— TASK —
Would you restate each line of the data below word for word, without its pictures?

— INFORMATION PROVIDED —
++++++++++

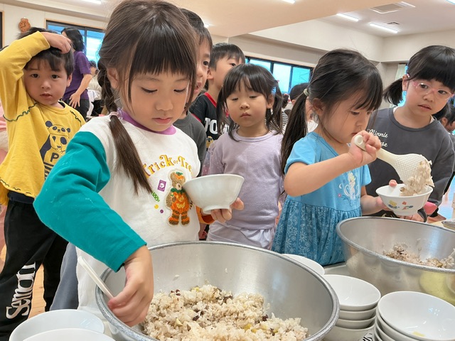 炊きあがった栗ごはんは、自分たちで配膳して食べました。おかわりまであっという間になくなっていました🌰
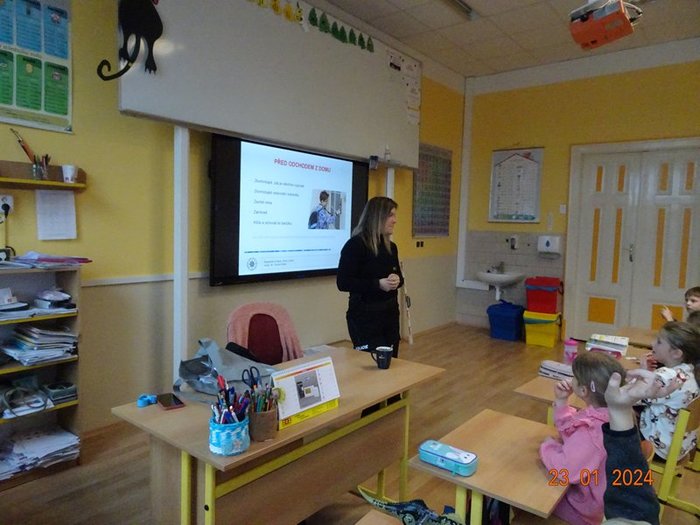 V úterý 23. ledna 2024 přijela do naší školy příslušnice Policie ČR Z. Slabá, která měla pro děti připravené dva preventivní projekty. Pro žáky 1. a 2. ročníku Tvoje cesta v dopravě, kdy si popovídali o tom, jak se bezpečně chovat doma a ve škole, zejména pak chování venku a cestou do školy. Pro žáky 3. – 5. ročníku program Tvoje cesta on-linem, kdy si povídali o tom, jak se chovat na internetu bezpečně a o závislostech na mobilech a počítačích. Program byl pro děti přínosný, my doufáme, že si děti uvědomily, jak se mají v on-line prostoru chovat a jaké nástrahy a nebezpečí jim tam mohou hrozit.
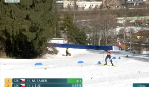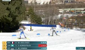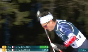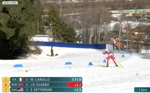На отметке 3,7 км Делож продолжает лидировать, но Йоханнес сократил отрыв до трех секунд.
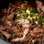 This Chipotle Barbacoa Beef features tender, marinated beef chuck roast slow-cooked with smoky chipotle peppers and spices, making it ideal for tacos or burritos. Garnish with fresh cilantro and lime for a burst of flavor.

++++++++++

— SOLUTION TO THE EXERCISE —
 炊きあがった栗ごはんは、自分たちで配膳して食べました。おかわりまであっという間になくなっていました🌰
 V úterý 23. ledna 2024 přijela do naší školy příslušnice Policie ČR Z. Slabá, která měla pro děti připravené dva preventivní projekty. Pro žáky 1. a 2. ročníku Tvoje cesta v dopravě, kdy si popovídali o tom, jak se bezpečně chovat doma a ve škole, zejména pak chování venku a cestou do školy. Pro žáky 3. – 5. ročníku program Tvoje cesta on-linem, kdy si povídali o tom, jak se chovat na internetu bezpečně a o závislostech na mobilech a počítačích. Program byl pro děti přínosný, my doufáme, že si děti uvědomily, jak se mají v on-line prostoru chovat a jaké nástrahy a nebezpečí jim tam mohou hrozit.
На отметке 3,7 км Делож продолжает лидировать, но Йоханнес сократил отрыв до трех секунд.
 This Chipotle Barbacoa Beef features tender, marinated beef chuck roast slow-cooked with smoky chipotle peppers and spices, making it ideal for tacos or burritos. Garnish with fresh cilantro and lime for a burst of flavor.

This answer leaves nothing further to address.